= Selegie Integrated Primary School =

Primary school in Singapore

Selegie Integrated Primary School was a primary school in Singapore. Located at 1A Short Street near the junction with Selegie Road, the school opened in 1963 and operated until it merged with another school in 1987. The building later served as the Selegie campus of the Nanyang Academy of Fine Arts (NAFA). At the time of its completion, Selegie Integrated Primary School had the tallest school building in Asia.

==History==
On 14 October 1960, Yong Nyuk Lin, Minister for Education, announced that the 10-storey Selegie Integrated Primary School would be built at the junction of Selegie Road and Short Street at a cost of $660,000. The school was to have 38 classrooms for 3,000 children attending morning and afternoon sessions. The school's construction began in the middle of 1961 and was to end in the following year. The school featured two lifts which could carry 40 students each, two dental clinics cum dressing rooms, two kitchens, two canteens, a bookshop, a store and an assembly hall that was located in a separate block. It was officially opened by Deputy Prime Minister of Singapore Toh Chin Chye on 19 January 1963. The "skyscraper school" was the tallest school building in Southeast Asia at the time of its completion, a title it continued to hold until 1973. According to Roots, which is published by the National Heritage Board, the building's "pragmatic box-like framework is characteristic of industrial modernism – a no-frills architecture style that mimicked machinery to appear more modern."

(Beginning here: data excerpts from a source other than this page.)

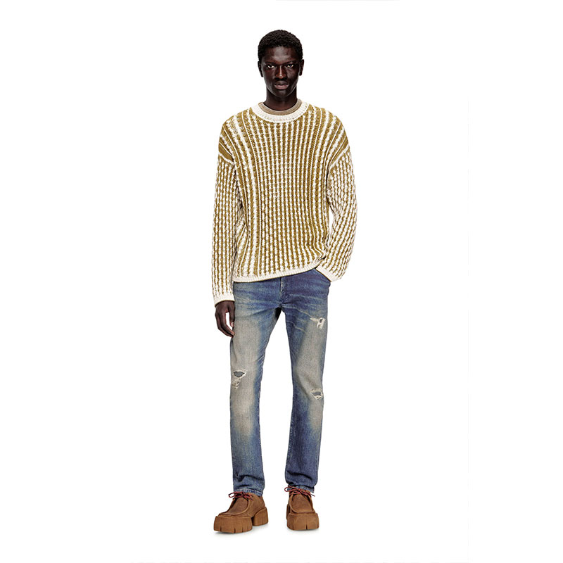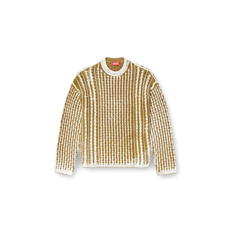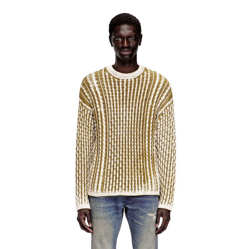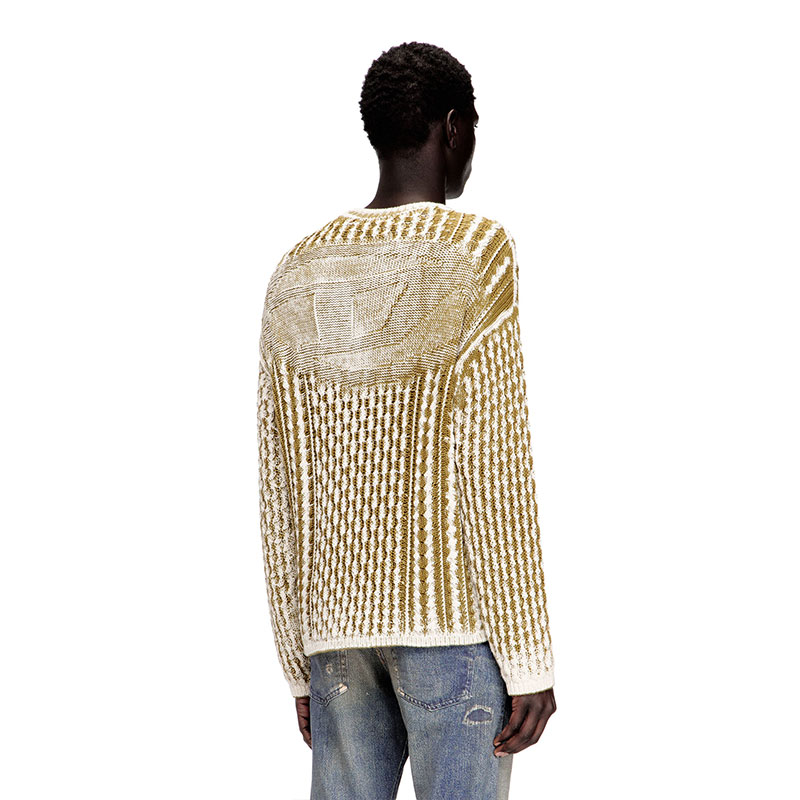 An irreverent spin on classic knitwear, this men’s cotton sweater has a loose-fitting silhouette knitted with cables and a statement-size Oval D logo on the back. A special printing technique on the inside of the garment disrupts the surface with irregular contrasts, making the texture punch harder.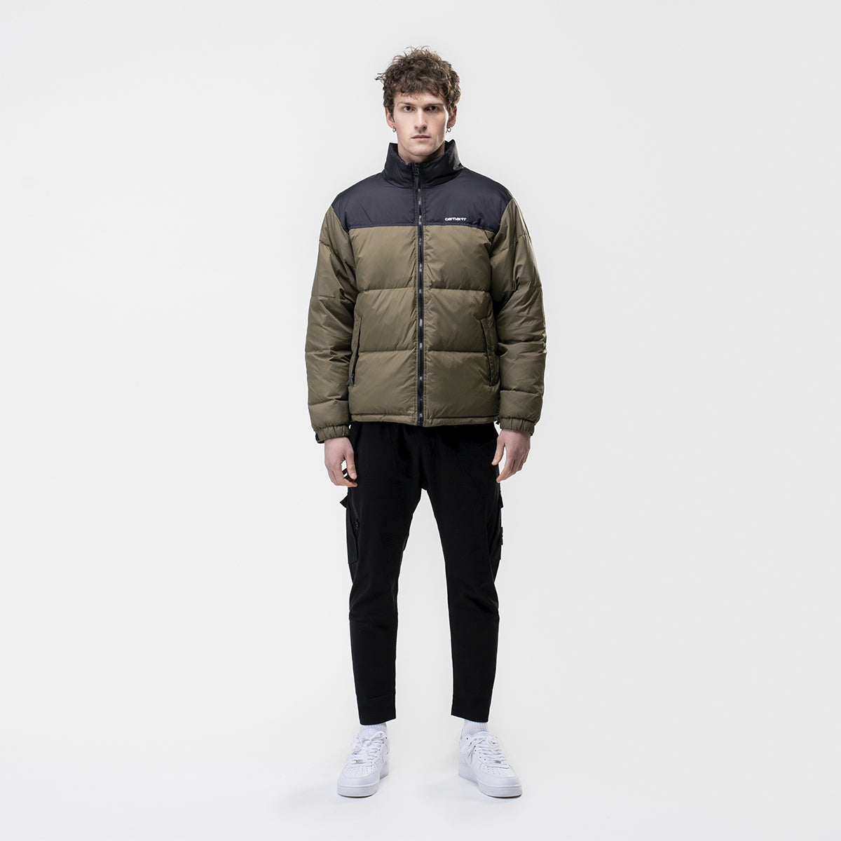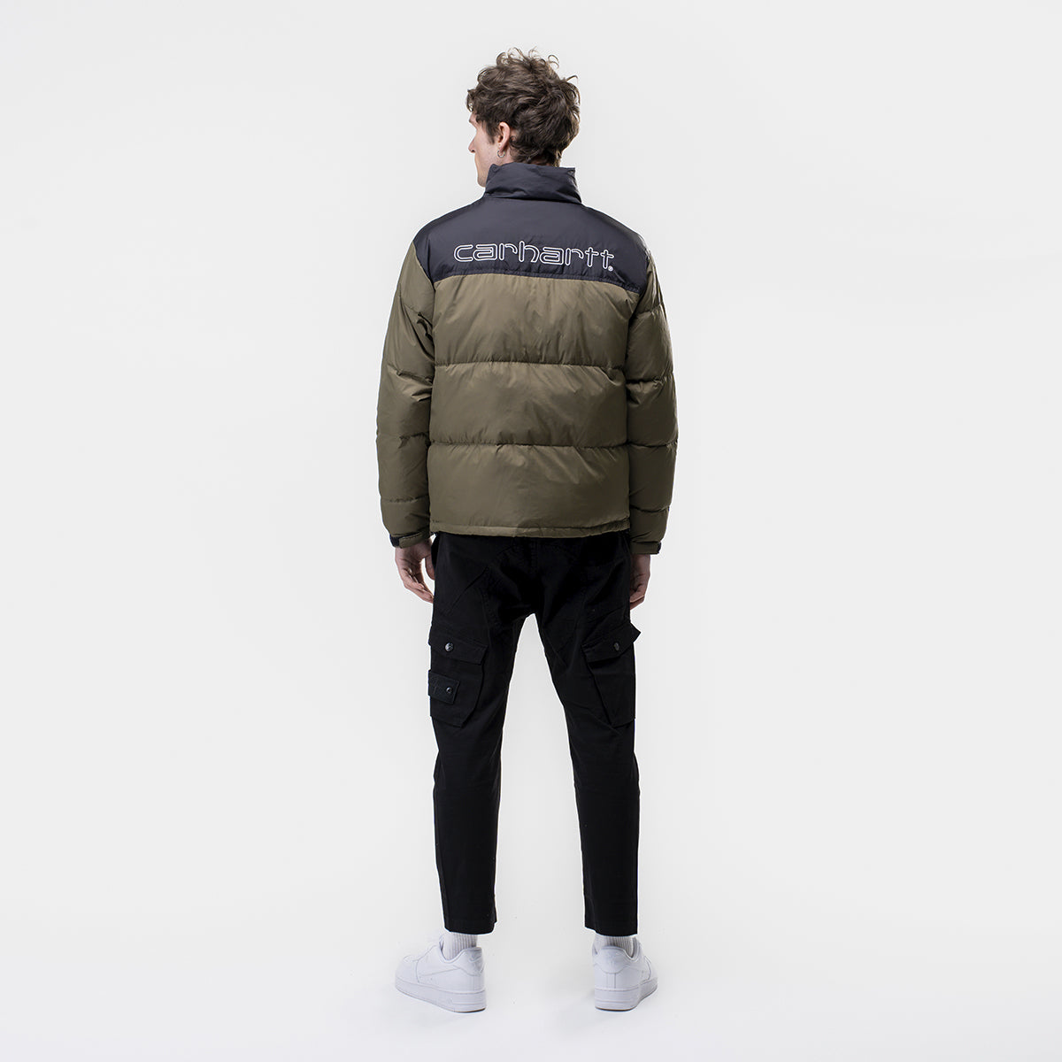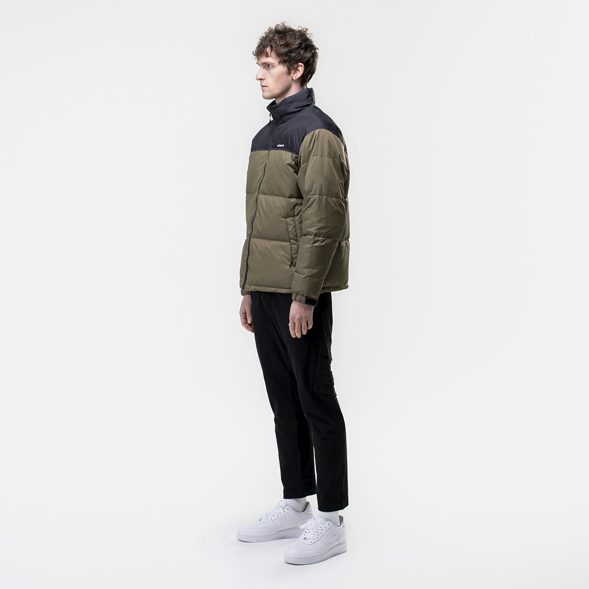 Куртка виготовлена з водовідштовхувальної поліестерової тафти, наповнена пухом для забезпечення тепла і має підкладку з нейлонової тафти. М'який комір-стійка збереже вашу шию в теплі, а нижній край можна регулювати. Зручні дві кишені для рук на кнопках. Завершується ця куртка білим логотипом у вигляді напису на грудях та спині.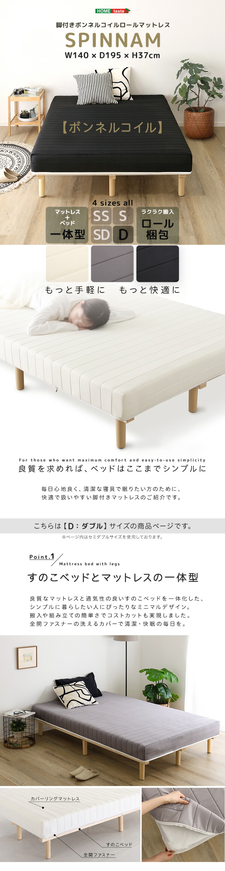 >> 脚付きボンネルコイルロールマットレス【SPINNAM-スピンナム-】SDサイズはこちら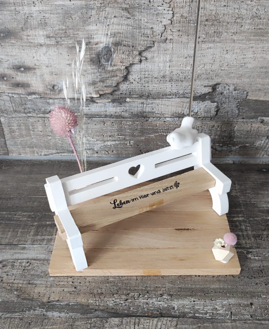 Miniatur Bank mit Spruch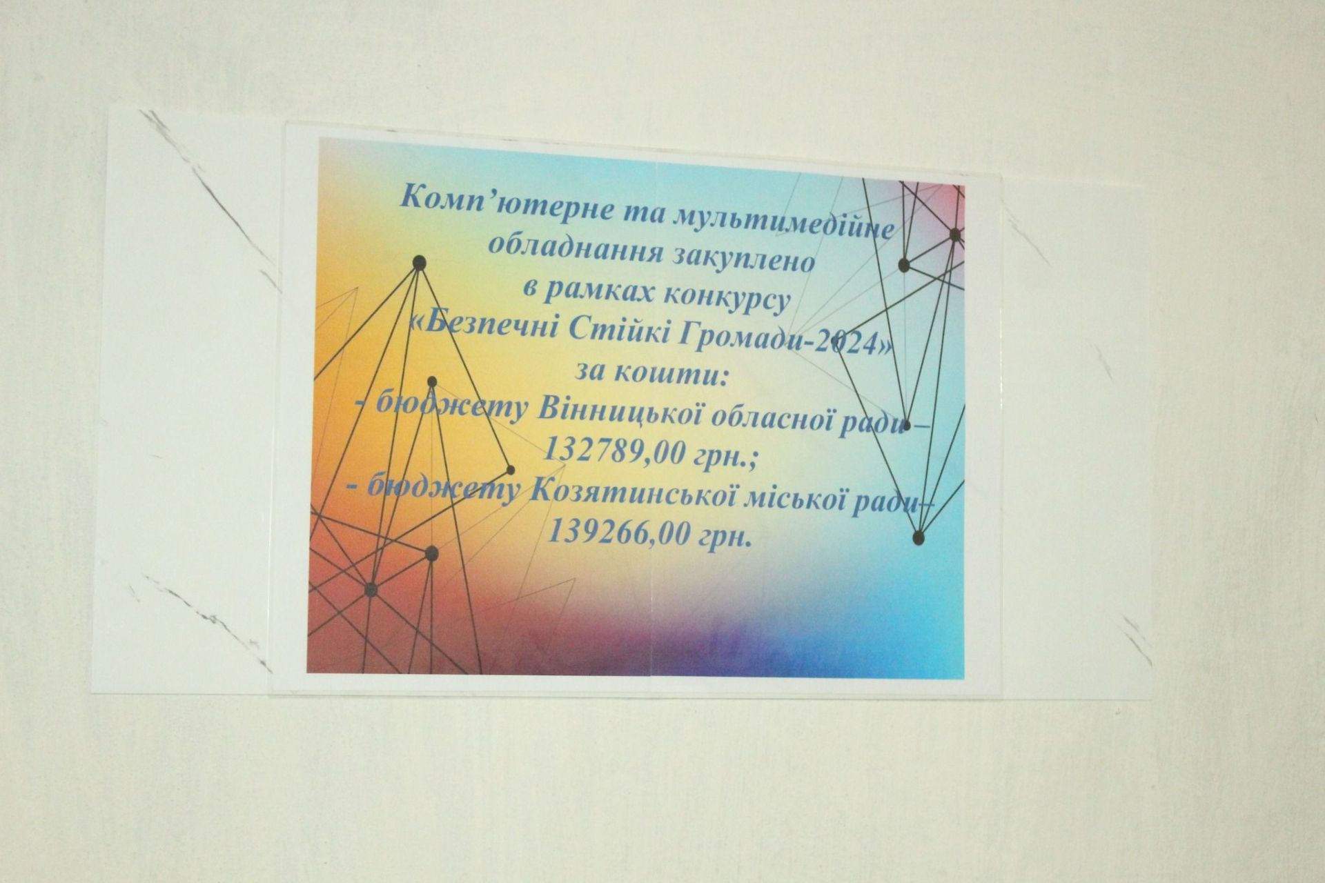 Козятинські ліцеї отримали сучасне обладнання для укриттів

The school merged with the Stamford Primary School in 1987, after which it moved into the latter's premises. Beginning in 1990, the building was leased to the NAFA as its Selegie Campus. In 2015, the building was acquired by the Centurion Corporation. The building were subsequently acquired by the Centurion Corporation in 2015. It was later used as a student accommodation had been returned to the state since the end of the pandemic. According to MOH media release on 7 August 2023, the site had been selected to provide accommodation for foreign healthcare workers who are new to Singapore and employed by the public healthcare institutions.